>>>

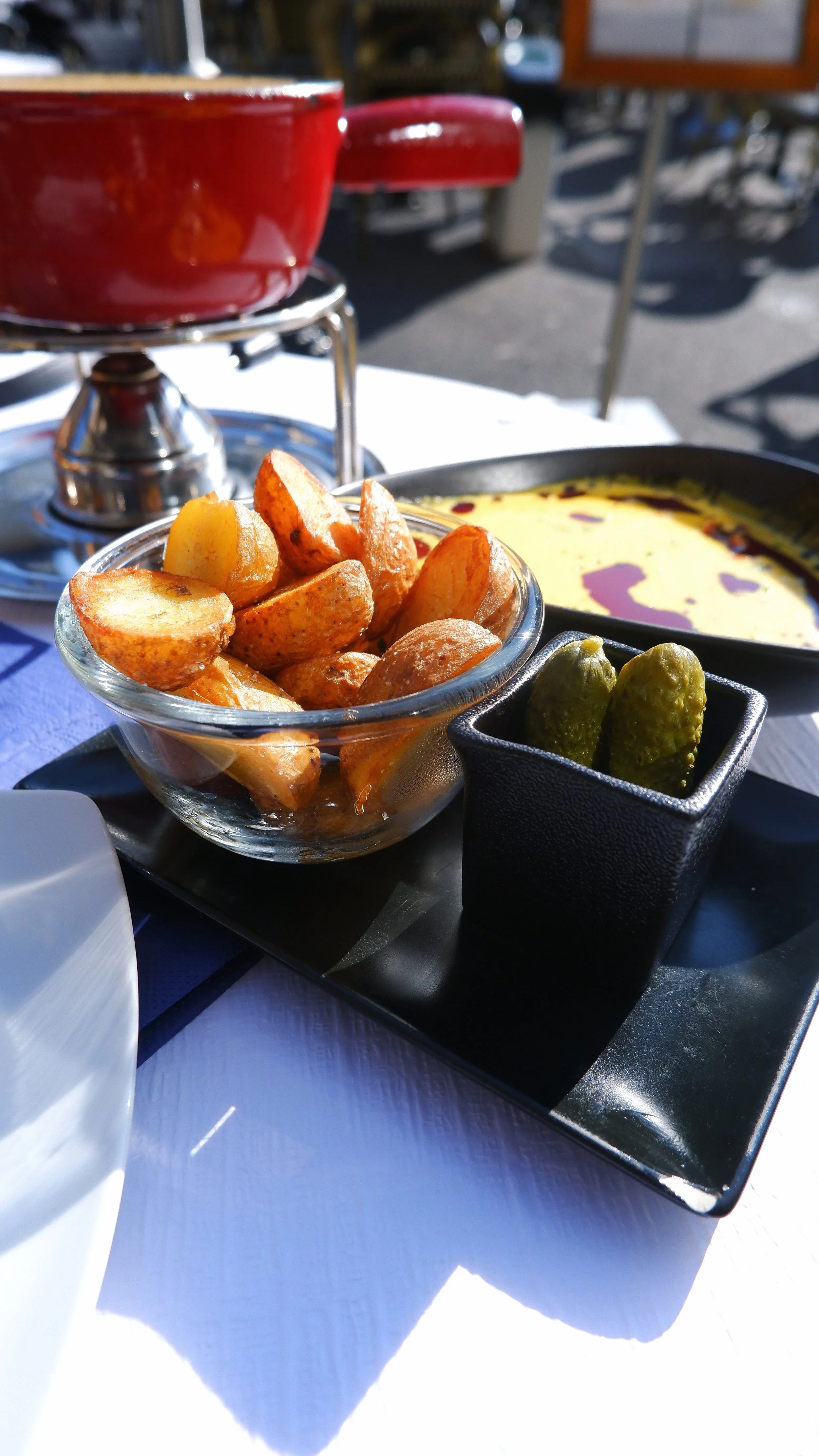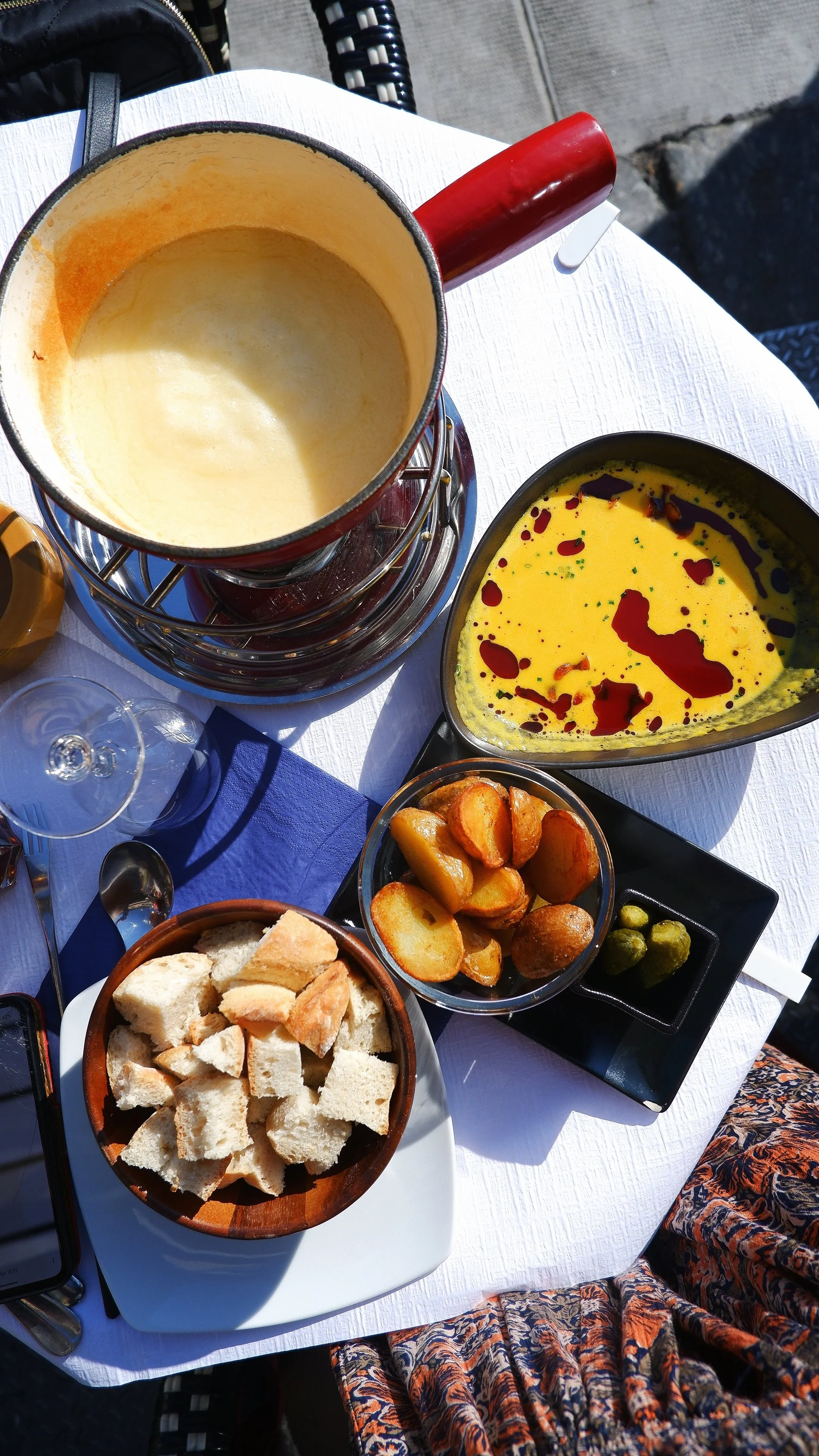 My dining drew eyeballs from the tables around me. It could've been the fact I had melting cheese all over or that I was eating from the fondue fork (a faux pas by all accounts). An older couple were charmed by my glee, pretended to join me as they passed. We giggled. At least out in the warm sun, my fingers could thaw and I could continue my walk.
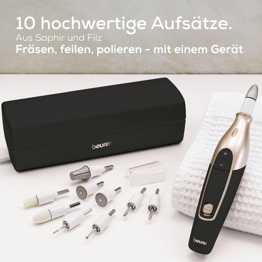 Beurer MP 84 Special Edition Maniküre-/Pediküreset, Elektrische Nagelfeile Mit Akku, 10 Aufsätze, Led-Licht, Inkl. Aufbewahrungsetui, Bis Zu 4400 U/Min, Nagelfräser Zur Hand- Und Fußpflege, Schwarz
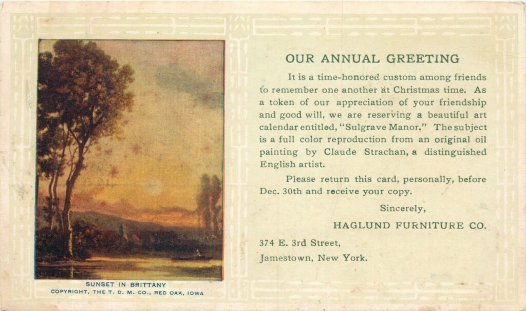 Jennie lives here with her sons, Raymond and Stanley. Since 1925, Blanche has been the manager of The Song Shop in Jamestown. In 1927, Blanche married Russell Carl Alton Haglund, a Swedish descendant whose father came from Sweden. Blanche moves in with Russell and his father, mother and sister. While Blanche works as a music teacher, the entire Haglund family works as furniture salesmen in the family’s furniture store, Haglund Furniture Company, which was one of Jamestown’s oldest furniture stores.
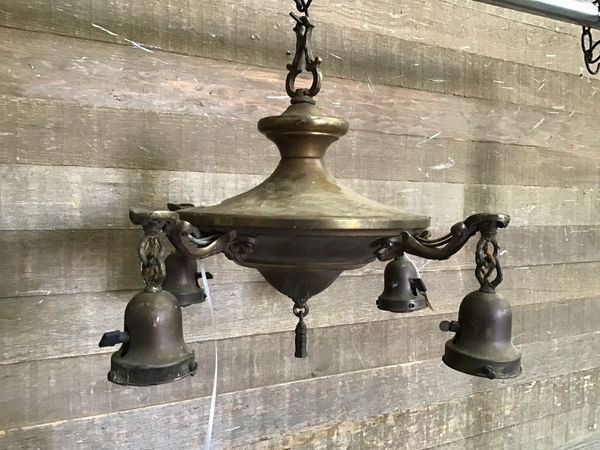 Very beautiful vintage hanging light that needs some love! This is a two bulb, brass light. In need of new sockets/wiring, canopy, and shades. Price reflects. If you want this light, but not sure how to rewire, check out our lighting services in Seattle here!
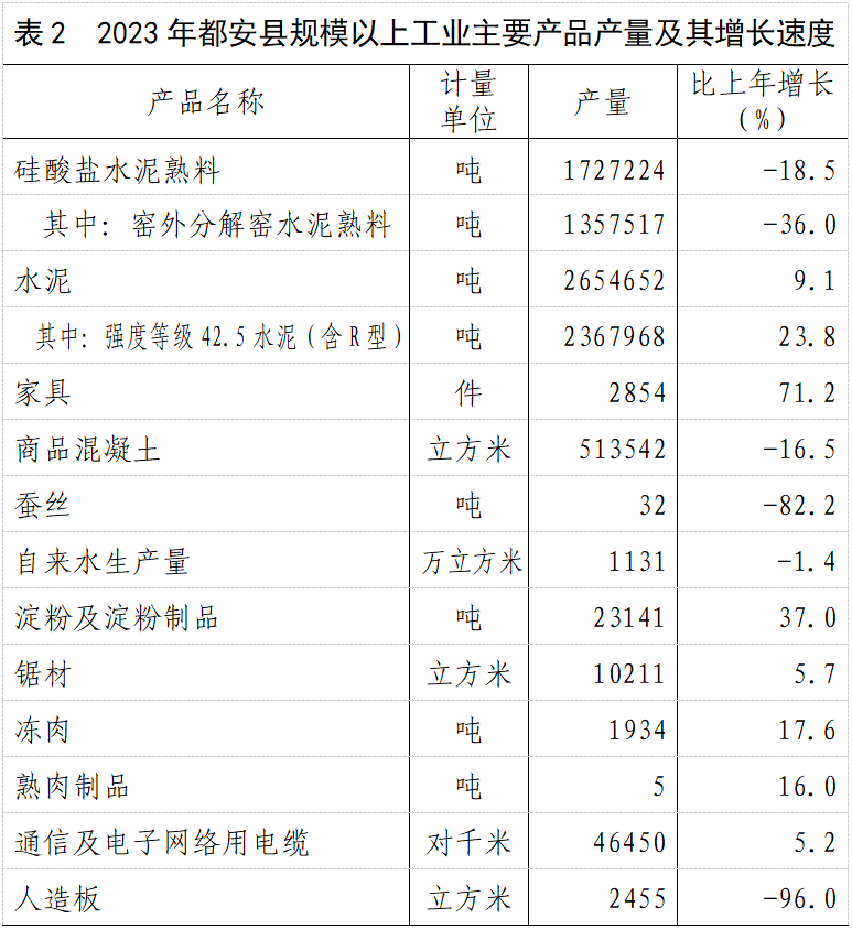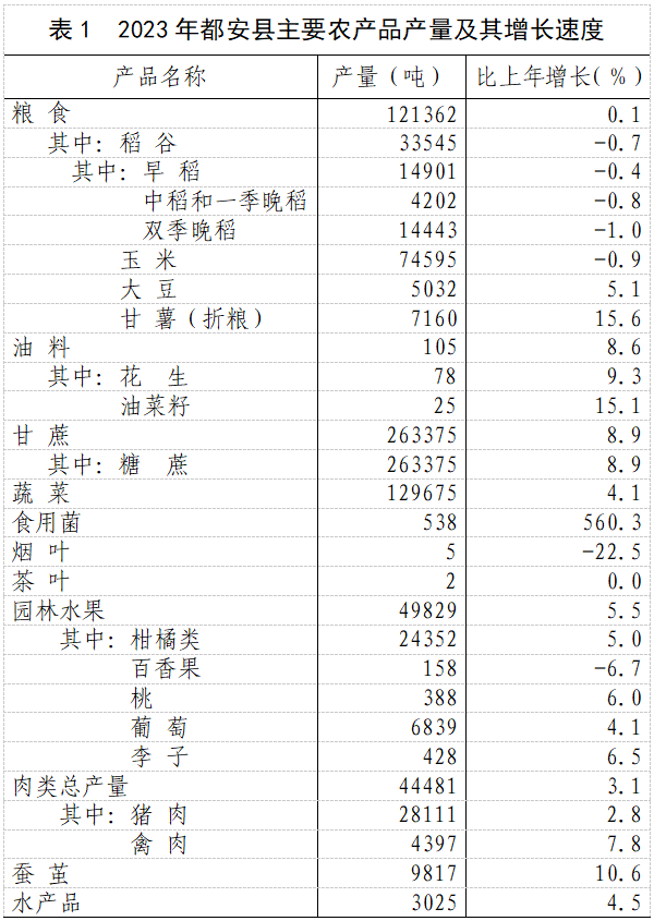 [1]本公報中2023年數(shù)據(jù)均為初步統(tǒng)計數(shù)據(jù),最終數(shù)據(jù)以《都安統(tǒng)計年鑒(2023)》為準。部分數(shù)據(jù)因四舍五入的原因,存在總計與分項合計不等的情況。
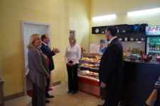 На торжественной церемонии открытия новое кафе руководителям университета, ректору Ю. Л. Сколубовичу и проректору по АХЧ Е. В. Григорьеву, представила его директор – Светлана Гладышева. Юрий Леонидович, поприветствовав собравшихся и перерезав красную ленту, выразил уверенность, что новое студенческое кафе с большим выбором блюд и приемлемыми ценами позволит улучшить качество питания в университете.
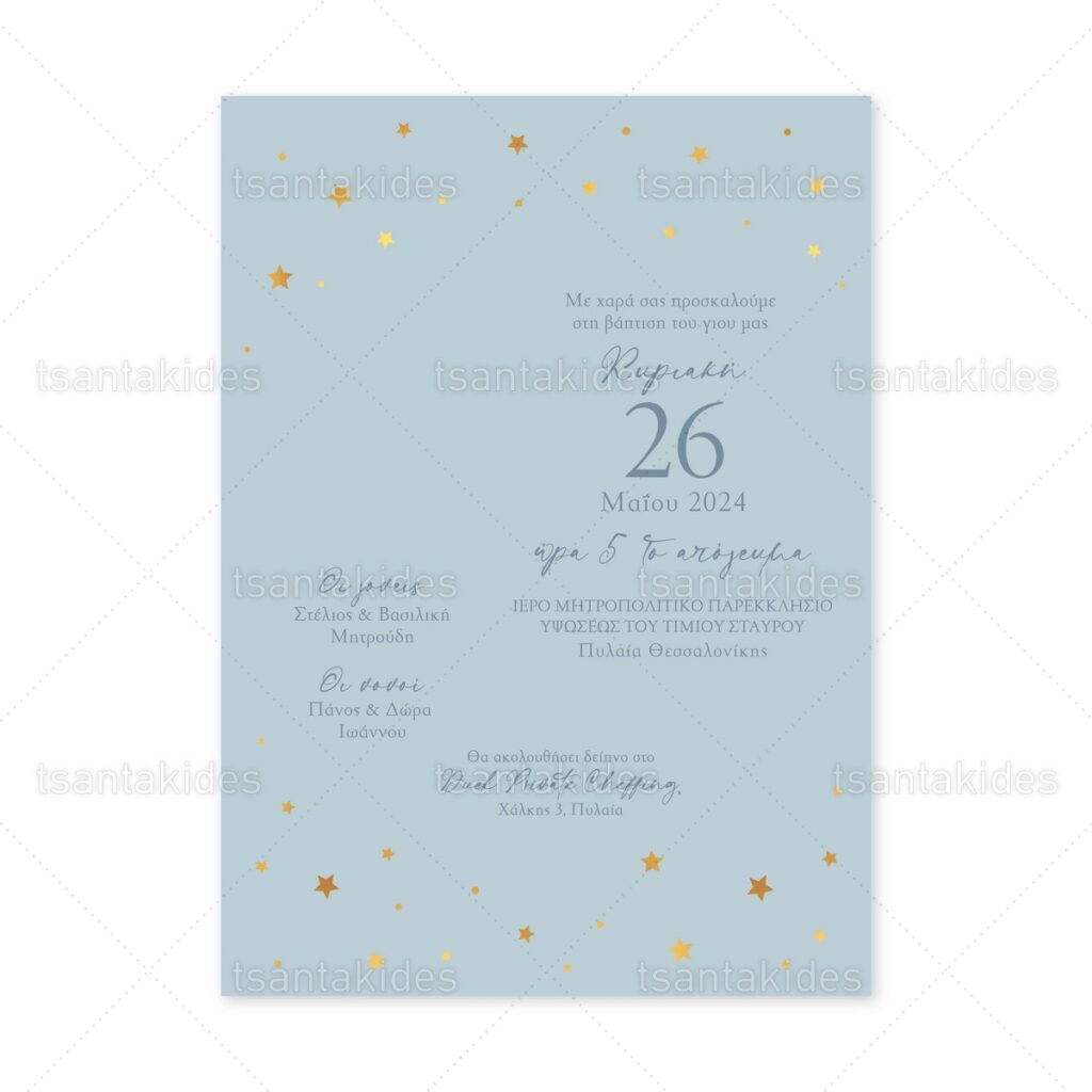 1903 ΚΛ081 Προσκλητήριο βάπτισης για αγόρι με θέμα το φεγγάρι
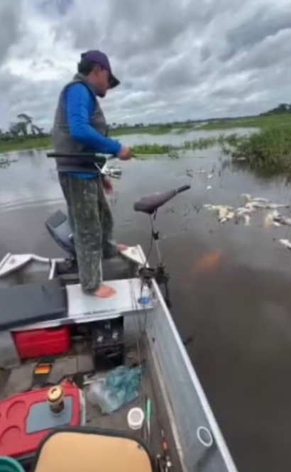 Um vídeo que circula nas redes sociais mostra dezenas de peixes mortos boiando no Rio Paraguai, em Cáceres, a 220 km de Cuiabá. As imagens foram registradas por pescadores da região neste sábado (7) durante uma pescaria. (Video abaixo)
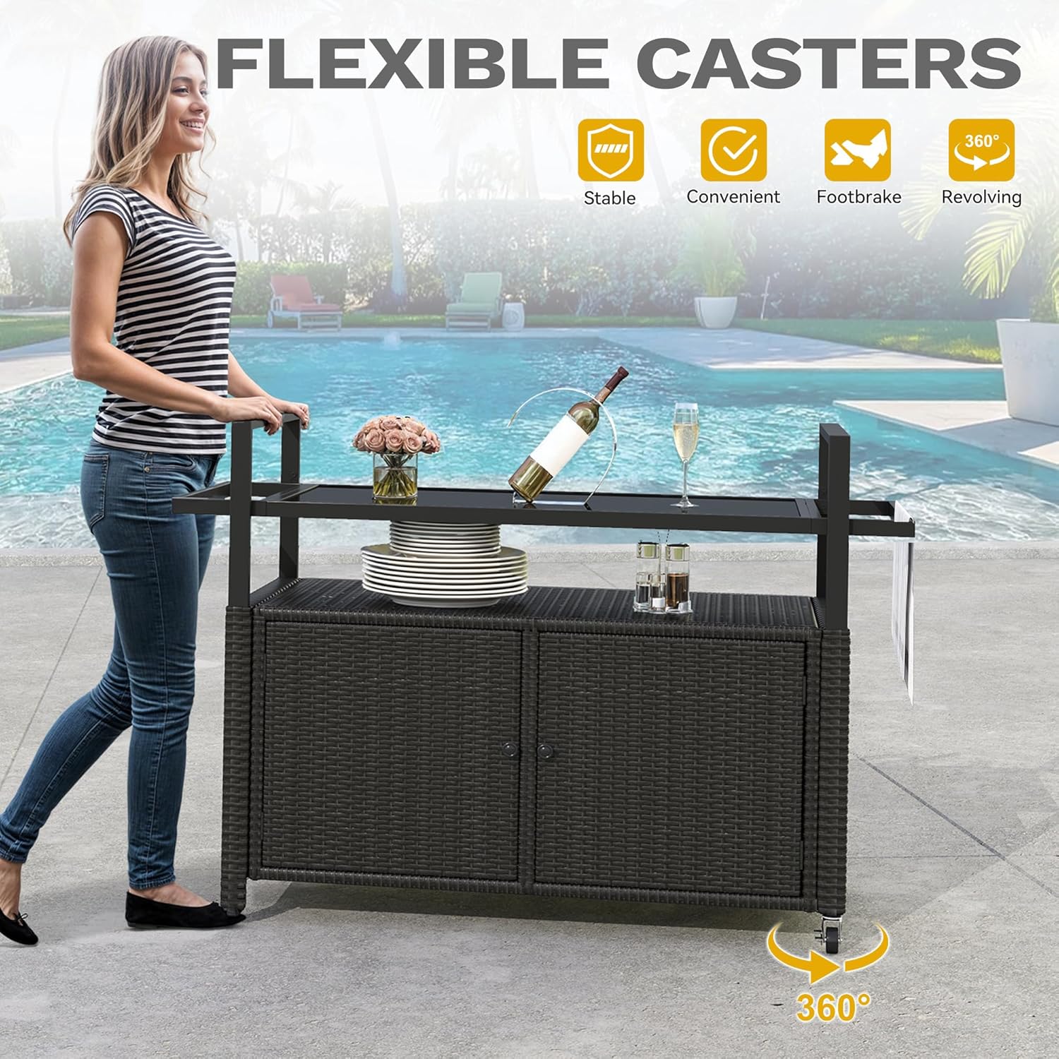 DWVO Patio Bar Table,Outdoor Kitchen Island with Glass Top,Rattan Patio Storage Cabinet with Wheels,Bar Cart for Poolside and Backyard,Black
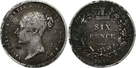 | | Great Britain, Victoria, 6 Pence, 1842, Silver, , KM:733.1 | | | Head left, Without die number, Dav. #6444., CHRISTIANUS ++ D: G: EL. EP. MIND: DUX. B. ET. L | | FEATURES |
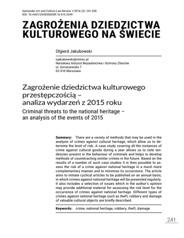Santander Art and Culture Law Review 1/2016 (2): 241-258 DOI: 10.4467/2450050XSR.16.015.5249 ZAGROŻENIA DZIEDZICTWA KULTUROWEGO NA ŚWIECIE Olgierd Jakubowski [email protected] Narodowy Instytut Muzealnictwa i Ochrony Zbiorów ul. Goraszewska 7 02-910 Warszawa Zagrożenie dziedzictwa kulturowego przestępczością – analiza wydarzeń z 2015 roku Criminal threats to the national heritage – an analysis of the events of 2015 Summary: There are a variety of methods that may be used in the analysis of crimes against cultural heritage, which allow us to determine the level of risk. A case study covering all the instances of crime against cultural goods during a year allows us to note tendencies present in the behaviour of criminals and helps to develop methods of counteracting similar crimes in the future. Based on the results of a number of such case studies it is then possible to assess the risk of a crime against national heritage in a much more complementary manner and to minimise its occurrence. The article aims to initiate cyclical articles to be published on an annual basis, in which crimes against national heritage will be presented regularly. It also includes a selection of issues which in the author’s opinion may provide additional material for assessing the risk level for the occurrence of crimes against national heritage. Different types of crimes against national heritage such as theft, robbery and damage of valuable cultural objects are briefly described. Keywords: crime, national heritage, robbery, theft, damage 241 ZAGROŻENIA DZIEDZICTWA KULTUROWEGO NA ŚWIECIE Olgierd Jakubowski Streszczenie: Badając zjawisko przestępczości przeciwko dziedzictwu kulturowemu, można stosować różne metody w celu zdiagnozowania poziomu zagrożenia. Studium konkretnych przypadków przestępstw, których ofiarą padają dobra kultury, w ujęciu rocznym pozwala dostrzec tendencje w działaniach sprawców oraz pomaga wypracować metody przeciwdziałania przyszłym zdarzeniom. Wieloletnie badania przypadków przestępstw godzących w dziedzictwo kulturowe umożliwiają w sposób komplementarny ocenić poziom zagrożenia takimi czynami i zminimalizować ryzyko ich występowania. Słowa kluczowe: przestępczość, dziedzictwo kulturowe, napad rabunkowy, zniszczenie Nr 1 2016 (2) Wstęp Każdego roku diagnozując poziom bezpieczeństwa dziedzictwa kulturowego w Polsce i na świecie, należy zwrócić uwagę zarówno na wydarzenia w danym okresie, jak i tendencje występujące w tym zakresie w poprzednich latach. Niniejszy artykuł jest częścią cyklu dotyczącego zjawiska przestępczości przeciwko dziedzictwu kulturowemu. W pierwszym artykule1, wydanym w 2015 r., wskazano podstawowe źródła danych dotyczących skali i specyfiki zjawiska przestępczości przeciwko dziedzictwu kulturowemu w Polsce oraz przedstawiono założenia cyklu. Niniejsze opracowanie opiera się na dostępnych danych statystycznych2, jest również uzupełnione studiami przypadków (case method) – metodą pozwalającą badać zjawisko. Należy zwrócić uwagę, że odnośnie do przestępczości skierowanej przeciwko dziedzictwu kulturowemu trudno oszacować skalę szkód, jakie wskutek takich działań ponosi kultura. Wynika to, jak się podaje w literaturze, z faktu nieudokumentowania lub niezauważenia kradzieży dóbr kultury oraz braku w wielu krajach podstawowych systemów monitoringu i rejestracji strat takich obiektów3. Zob. O. Jakubowski, Zagrożenie dziedzictwa kulturowego przestępczością – analiza wydarzeń z 2014 roku, „Santander Art and Culture Law Review” 2015, nr 1, s. 263-274. 1 W ocenie autora nie ma obecnie na świecie wiarygodnych danych statystycznych dotyczących przestępczości przeciwko dziedzictwu kulturowemu. 2 242 M. Durney, Art Theft Statistics: Valuable Tools in Need of Reliable Measures, „Cultural Heritage & Arts Review” 2010, jesień/zima, s. 13. 3 Zagrożenie dziedzictwa kulturowego przestępczością… Criminal threats to the national heritage… Skala i specyfika zjawiska przestępczości przeciwko dziedzictwu kulturowemu w Polsce w statystykach organów ścigania oraz Służby Celnej Jednym z głównych dostępnych źródeł informacji o przestępczości przeciwko dziedzictwu kulturowemu są dane opracowywane przez Komendę Główną Policji. Zgodnie z nimi, liczba wszystkich przestępstw stwierdzonych w 2015 r. w Polsce wyniosła 833 281. Przestępstw, w których przedmiotem zamachu były dobra kultury, było łącznie 1063, tj. o 232 mniej niż w roku 2014, kiedy to stwierdzono 1295 tego rodzaju przestępstw. Z ogółu przestępstw 92 stanowiły przestępstwa ścigane z ustawy z dnia 23 lipca 2003 r. o ochronie zabytków i opiece nad zabytkami4 (w 2014 r. – 108 przestępstw)5. By mieć pełniejszy obraz zjawiska, dane Policji dotyczące przestępczości przeciwko dziedzictwu kulturowemu należy uzupełnić o analizy i statystyki Straży Granicznej oraz Służby Celnej. Straż Graniczna zajmuje się zjawiskiem przemytu przede wszystkim ze względu na bezpieczeństwo granic. W ocenie ekspertów tej służby praktyka ostatnich lat wskazuje na problem kontroli wywozu poza teren Unii Europejskiej dóbr kultury, które są przemieszczane przez Polskę z innych krajów unijnych szeroko rozumianym tranzytem6. Zaleca się m.in. weryfikację takich przedmiotów w zakresie progów finansowych określonych w rozporządzeniu Rady nr 116/2009 z dnia 18 grudnia 2008 r. w sprawie wywozu dóbr kultury7. Funkcjonariusze tej służby spotykają się często z przypadkami przewożenia przedmiotów oszacowanych na kwoty nieznacznie niższe niż te przewidziane w progach rozporządzenia. Zaniżanie kwot staje się w ocenie ekspertów Straży Granicznej praktyką skutkującą brakiem możliwości zatrzymywania zabytków w ramach takiego wywozu. Możliwość weryfikacji kwot, które widnieją na dokumentach, w momencie przekraczania granicy jest bardzo ograniczona. Generalnie w takich

<<<

• **Brief**
Repeat, without pictures, exactly the lines of the data above from the one containing "На торжественной церемонии" through the one containing "Um vídeo que", including both and adding nothing.

• **Answer to this task**
 На торжественной церемонии открытия новое кафе руководителям университета, ректору Ю. Л. Сколубовичу и проректору по АХЧ Е. В. Григорьеву, представила его директор – Светлана Гладышева. Юрий Леонидович, поприветствовав собравшихся и перерезав красную ленту, выразил уверенность, что новое студенческое кафе с большим выбором блюд и приемлемыми ценами позволит улучшить качество питания в университете.
 1903 ΚΛ081 Προσκλητήριο βάπτισης για αγόρι με θέμα το φεγγάρι
 Um vídeo que circula nas redes sociais mostra dezenas de peixes mortos boiando no Rio Paraguai, em Cáceres, a 220 km de Cuiabá. As imagens foram registradas por pescadores da região neste sábado (7) durante uma pescaria. (Video abaixo)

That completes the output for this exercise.